一通檢查,顏琦臉色逐漸凝重,當即要翻開了她厚重上衣。


    一隻骨節分明的手,極快,阻止了顏琦的動作,“這個步驟,需要怎麽做,我來做,不需要你。”


    顏琦停下手中的動作,意味深長的笑了一下,也沒有明說司翎風強烈的占有欲。


    顏琦拿出了聽診器,“你把聽診頭放在了她的的心髒,左邊位置。”


    司翎風照做,顏琦聽了一會兒,指示:“放到胃部這邊。”


    顏琦放下了聽診器,神色忽然嚴肅。


    是因為剛才司翎風剛才的翻開衣服的時候,他便看到安暖腰間左邊位置一塊醜陋疤痕,扭曲凸起的肉塊,可見這疤痕有點時間了。
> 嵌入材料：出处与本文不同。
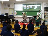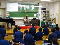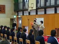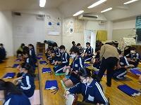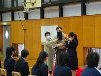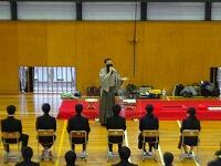 1月28日(木)みぞれ雨の降る午後、体育館に3年生全クラスが入り、席を広くとって長唄・三味線鑑賞会を行いました。コロナ禍の中、昨日よりご指導いただいている杵家弥佑様と杵家会の皆様に伝統のある長唄・三味線について学習し、鑑賞させていただく機会をご提供いただたいたことに感謝申し上げます。鼓や拍子等について説明だけでなく、生徒にも体験をさせていただいたり、質問にも丁寧にお答えいただきました。本日は「勧進帳」の一節を聴かせていただいたのですが、最後に校歌も演奏していただき生徒達は大変喜んでいました。3年生にとって本当に貴重な時間になったと思います。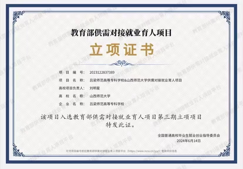 吕梁师范高等专科学校&今年会供需对接就业育人项目入选教育部供需对接就业育人项目第三期立项项目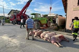 L’autista ha perso il controllo del mezzo. Per molti animali non c’è stato nulla da fare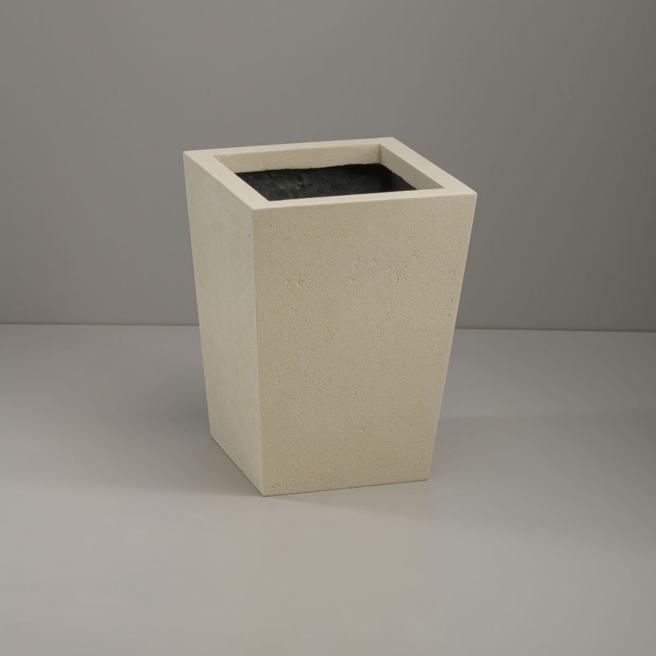 Кашпо напольное «Evabrick Pyramid» из полимербетона для цветов и декоративных растений объёмом 22 литра, размером 40 на 30 см, весом 8 кг, в форме пирамиды бежевого цвета.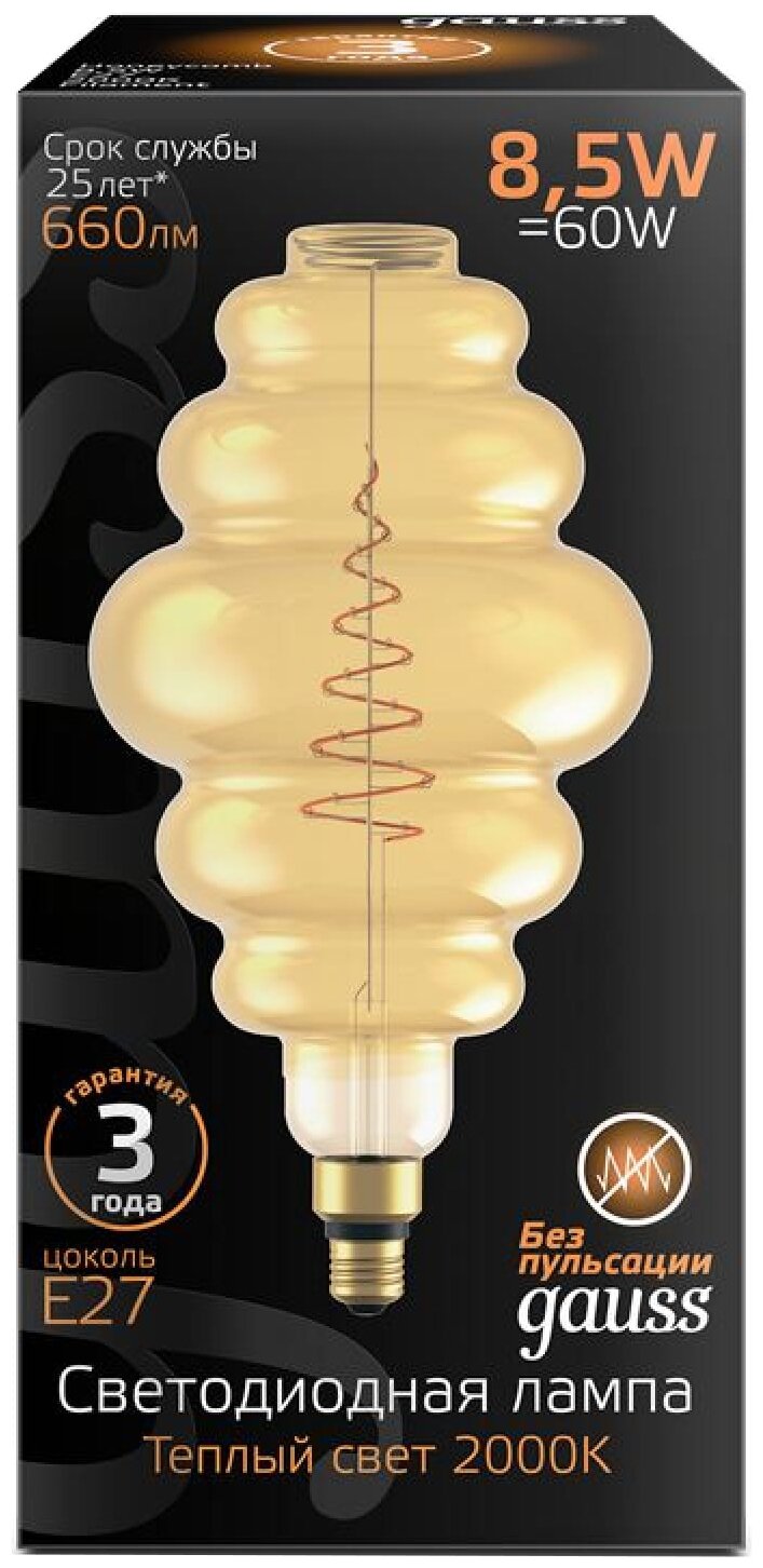 Лампа светодиодная филаментная Gauss E27 8,5W 2000K янтарная 161802105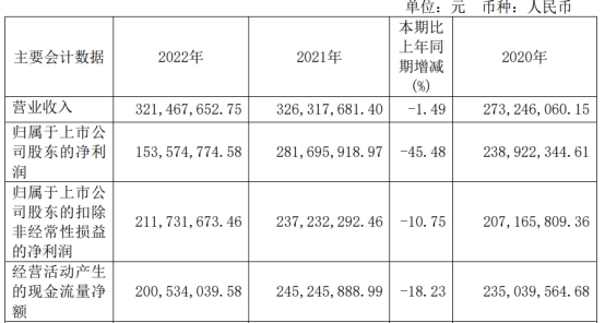 财富趋势(688318.SH)近日发布了2022年年度报告。2022年,财富趋势实现营业收入3.21亿元,同比下降1.49%;归属于上市公司股东的净利润1.54亿元,同比下降45.48%;归属于上市公司股东的扣除非经常性损益的净利润2.12亿元,同比下降10.75%;经营活动产生的现金流量净额为2.01亿元,同比下降18.23%。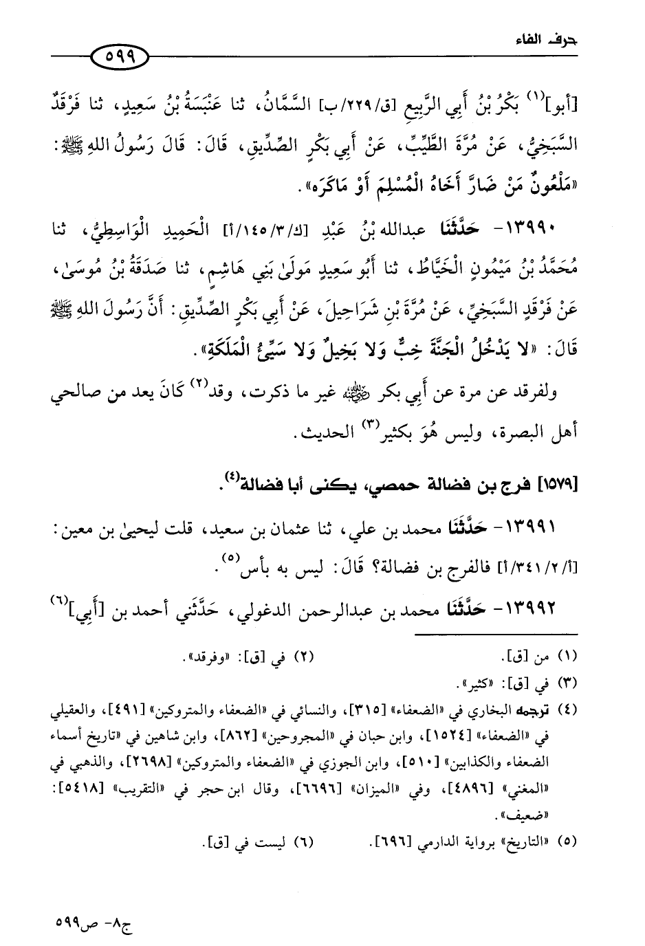13992 - حَدثنا مُحمد بن عَبد الرحمن الدغولي، حَدثني أحمد بن أبي زهير المروزي، أخبرنا النضر بن شميل، حَدثنا الفرج بن فضالة.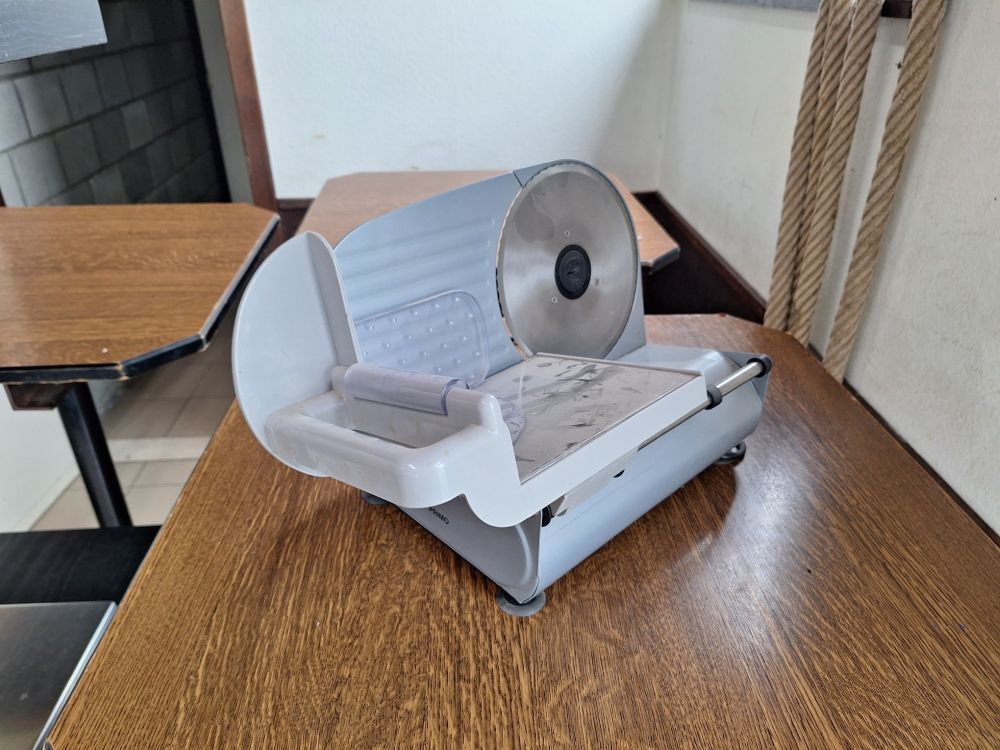 Kenmerken: Traploos instelbare snijdikte (0-15 mm), voorzien van zuignapvoetjes voor stabiliteit.

    而後把手放在的她腰間,那塊地方,空蕩蕩的,沒有衣服遮掩,是不會發現安暖的腰瘦到異於常人。


    顏琦五指掐入皮肉,按了幾下,那張輕浮的俊臉少見的嚴肅而凝重。


    從顏琦的臉色,司翎風再次看向她的腰間那道蜈蚣形狀的疤痕,已經猜到七七八八了,麵色暗淡下去,撚動薄唇,“她是不是缺了一顆腎?”


    “嗯。”顏琦驚駭的不是缺了一顆腎,而是下手取腎的手法,是粗魯沒有一點職業精神,像是宰畜牲的手法,取出了她身體裏麵的那顆腎。


    “顏琦,你還有什麽話,可以說出來。”


    “她不僅右邊膝蓋處出現炎症,心率偏低,少了一顆腎,胃部也有炎症,剛才用聽診器,胃部裏太多氣泡水,說明她的胃部有嚴重潰爛的現象,要是這樣下去,她遲早要……”


    在司翎風狠戾的注視下,顏琦逐漸閉了嘴,也知道現在司翎風,就如一頭隨時發怒的獅子。


    獅子要是進攻,他這頭小白羊,可是血腥的下場。


    司翎風對安暖這個女人情愫,超乎了他的想象,以前他總取笑,司翎風這個人冷血寡情,不會愛上任何一個女人,當真司翎風對一個女人如此上心了,顏琦不禁擔心起來,要是讓他母親知道,不知是好事,還是壞事!


    “我要帶她去醫院,做全麵檢查。”


    “這也好,畢竟我檢查隻是表皮,醫院做全麵檢查也是好的。”遇到救死扶傷的事,顏琦難得的嚴肅,這是他職業素養。


    這話音剛落,司翎風抱起了安暖向外走去,一邊指揮著顏琦,“顏琦,你去開車。還有,帶上一件我的外套過來。”


    顏琦嘴裏抱怨著,司翎風很不道德,行動倒是很是麻利,取走了車鑰匙,帶上了司翎風米色大衣,兩人都上了車。


    司翎風接過顏琦的大衣,蓋在了安暖的身上,看了她身上衣服,眉宇之間皺成“川”字。


    安暖身上一件單薄的製服外衣,勉強能夠過目。裏麵的毛衣和打底衣,不是破洞,就剛剛翻開她的衣服,才發現這一身破衣服,凝聚的在他心尖的陰鬱,越加的濃。


    現在都是二十一世紀,再窮,都不會穿這麽破爛!!


    她過去,到底過的什麽日子!!


    撚動薄唇,司翎風忽然問道:“保潔一般工資多少?”


    顏琦看著眼前的路,轉動一下方向盤,慢悠悠的回應:“在c市裏,像保潔工作,一般都不會超過五千,普遍工資都是三千。”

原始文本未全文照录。